* [Exercise details]:
The data below is to be written out exactly, with no pictures.

* [Supplied data]:
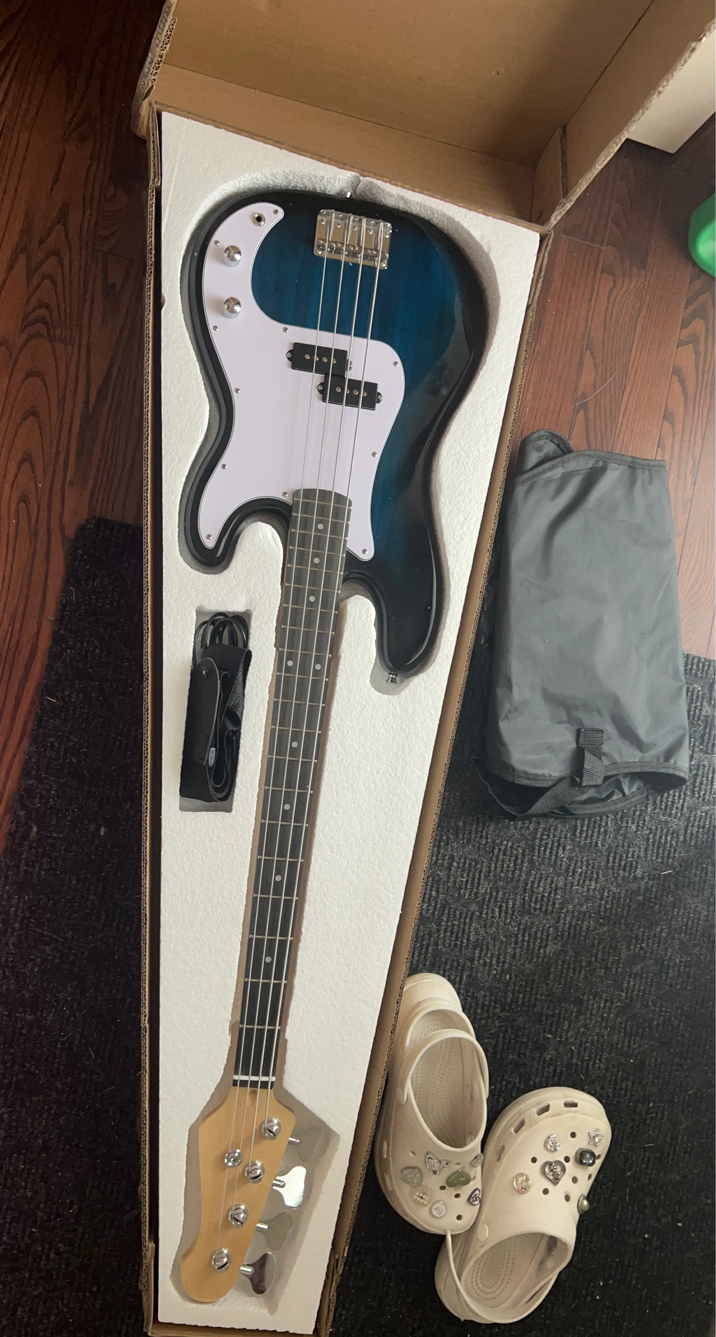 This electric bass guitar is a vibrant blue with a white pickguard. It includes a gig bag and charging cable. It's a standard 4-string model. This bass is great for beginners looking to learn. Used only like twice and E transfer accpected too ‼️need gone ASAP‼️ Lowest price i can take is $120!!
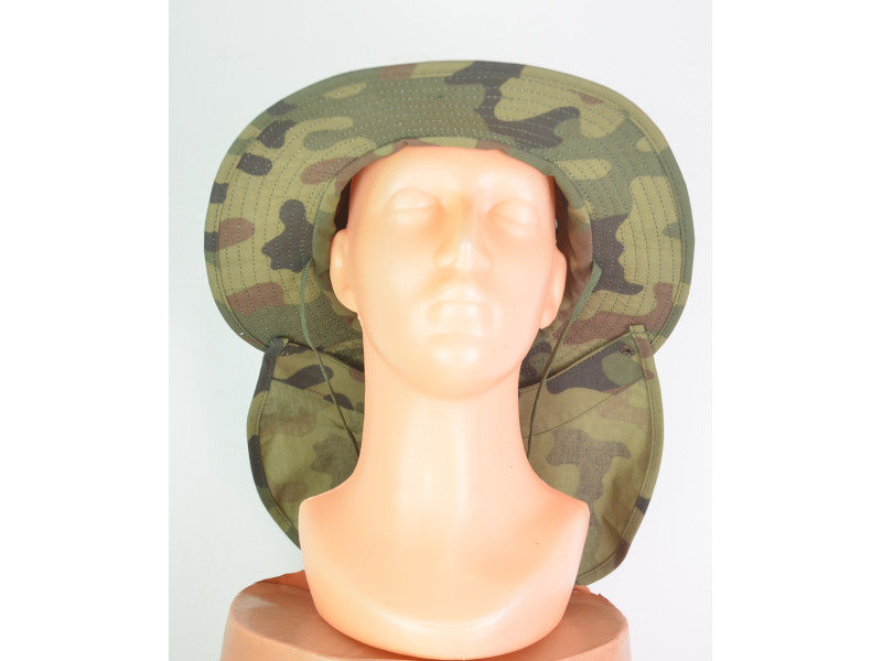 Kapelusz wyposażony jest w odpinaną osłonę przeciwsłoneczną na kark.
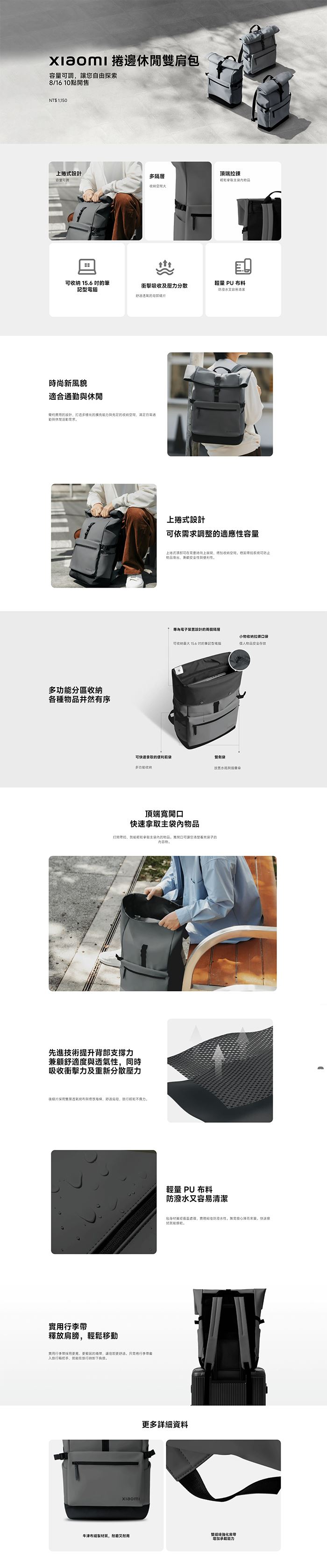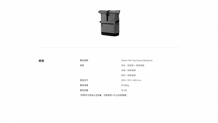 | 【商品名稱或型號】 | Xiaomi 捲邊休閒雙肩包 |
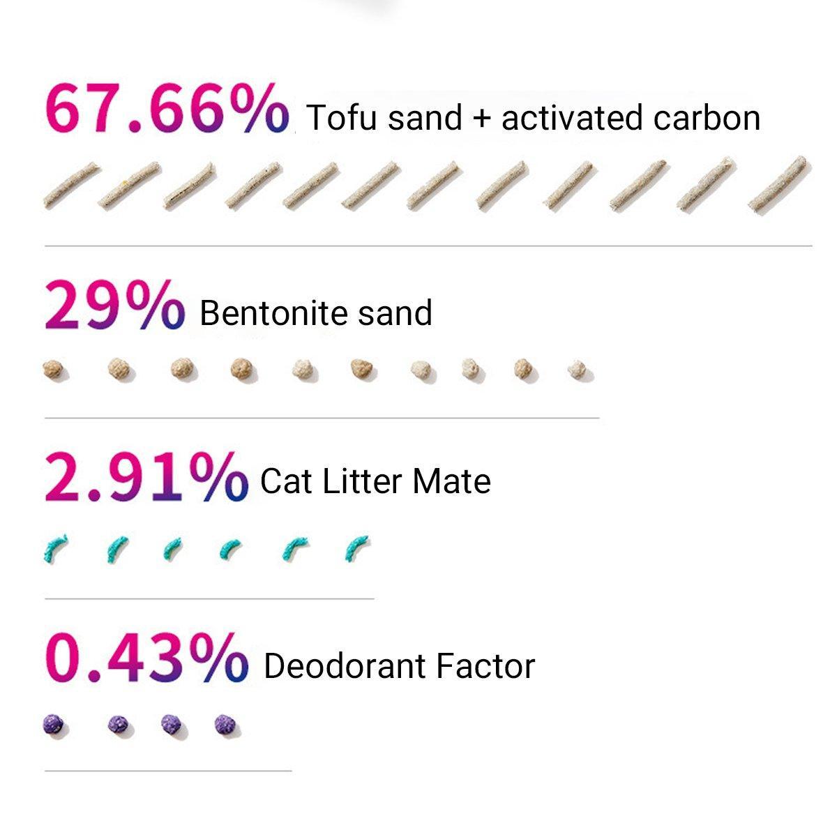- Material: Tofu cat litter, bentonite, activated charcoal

* [Final answer]:
 This electric bass guitar is a vibrant blue with a white pickguard. It includes a gig bag and charging cable. It's a standard 4-string model. This bass is great for beginners looking to learn. Used only like twice and E transfer accpected too ‼️need gone ASAP‼️ Lowest price i can take is $120!!
 Kapelusz wyposażony jest w odpinaną osłonę przeciwsłoneczną na kark.
 | 【商品名稱或型號】 | Xiaomi 捲邊休閒雙肩包 |
- Material: Tofu cat litter, bentonite, activated charcoal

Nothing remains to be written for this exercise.